PROBLEM TO SOLVE:
Each line below should be repeated exactly, but no picture should be carried over.

START INFORMATION PROVIDED

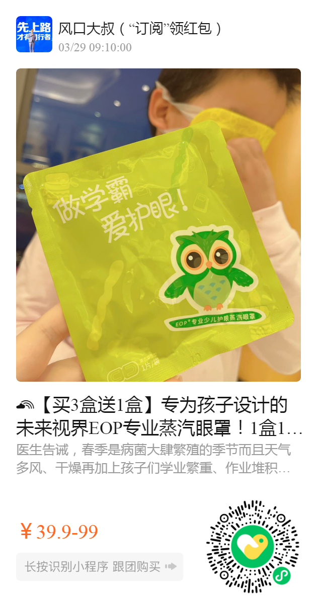 【买3盒送1盒】专为孩子设计的未来视界EOP专业蒸汽眼罩!1盒10片39.9!限量3盒送1盒,4盒99!一片只要2.4元啊!
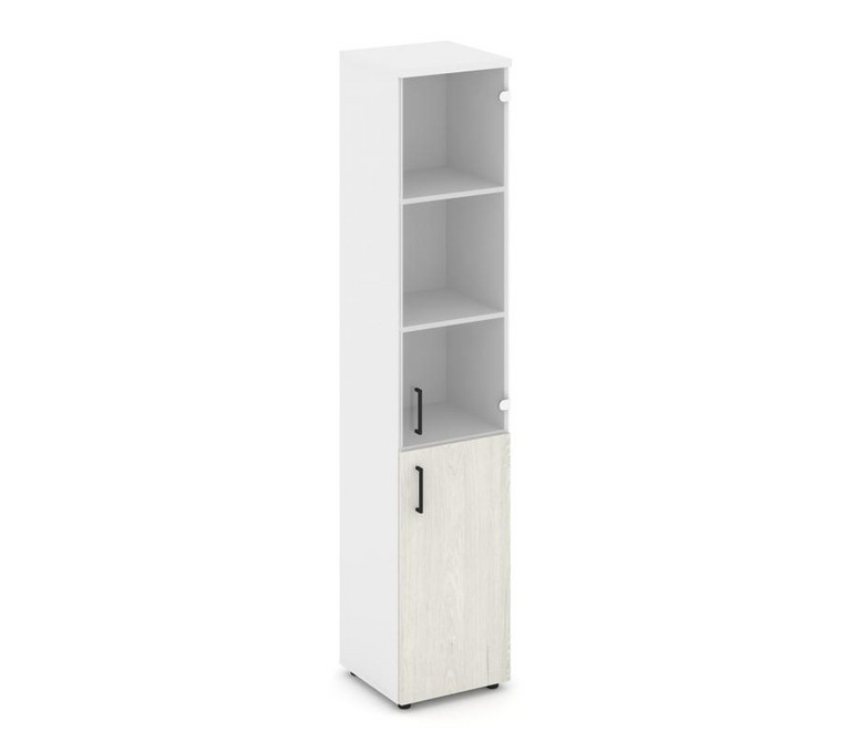 Style Project Шкаф высокий узкий правый SN.STU.E-102(R) Белый/Белый/Дуб Наварра/Черный Ручки 400*400
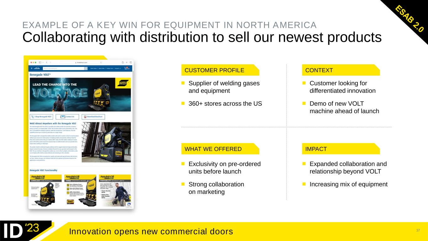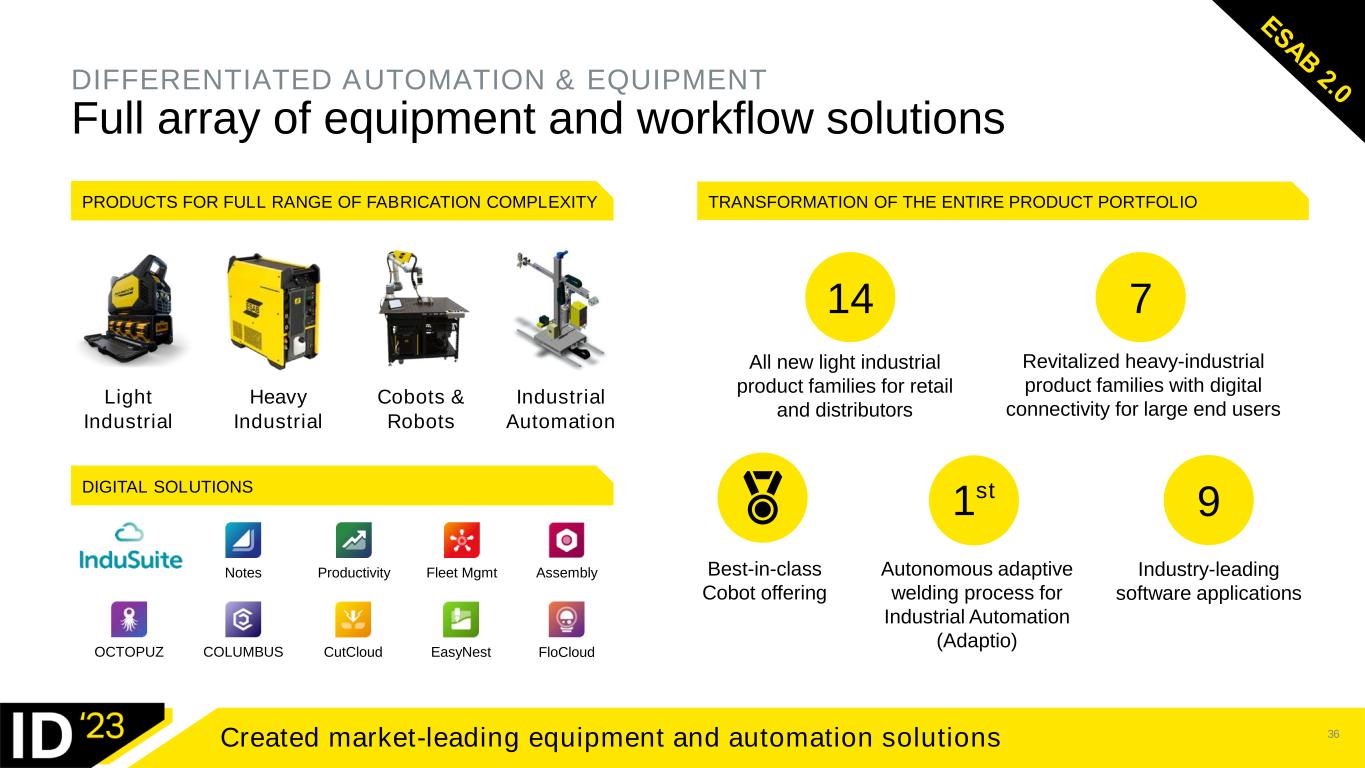 DIFFERENTIATED AUTOMATION & EQUIPMENT Full array of equipment and workflow solutions Created market-leading equipment and automation solutions 36 All new light industrial product families for retail and distributors Revitalized heavy-industrial product families with digital connectivity for large end users Notes Productivity AssemblyFleet Mgmt OCTOPUZ COLUMBUS CutCloud EasyNest FloCloud PRODUCTS FOR FULL RANGE OF FABRICATION COMPLEXITY TRANSFORMATION OF THE ENTIRE PRODUCT PORTFOLIO Light Industrial Heavy Industrial Cobots & Robots Industrial Automation 14 7 Autonomous adaptive welding process for Industrial Automation (Adaptio) 1st Industry-leading software applications 9 DIGITAL SOLUTIONS Best-in-class Cobot offering

END INFORMATION PROVIDED

WRITTEN SOLUTION:
 【买3盒送1盒】专为孩子设计的未来视界EOP专业蒸汽眼罩!1盒10片39.9!限量3盒送1盒,4盒99!一片只要2.4元啊!
 Style Project Шкаф высокий узкий правый SN.STU.E-102(R) Белый/Белый/Дуб Наварра/Черный Ручки 400*400
 DIFFERENTIATED AUTOMATION & EQUIPMENT Full array of equipment and workflow solutions Created market-leading equipment and automation solutions 36 All new light industrial product families for retail and distributors Revitalized heavy-industrial product families with digital connectivity for large end users Notes Productivity AssemblyFleet Mgmt OCTOPUZ COLUMBUS CutCloud EasyNest FloCloud PRODUCTS FOR FULL RANGE OF FABRICATION COMPLEXITY TRANSFORMATION OF THE ENTIRE PRODUCT PORTFOLIO Light Industrial Heavy Industrial Cobots & Robots Industrial Automation 14 7 Autonomous adaptive welding process for Industrial Automation (Adaptio) 1st Industry-leading software applications 9 DIGITAL SOLUTIONS Best-in-class Cobot offering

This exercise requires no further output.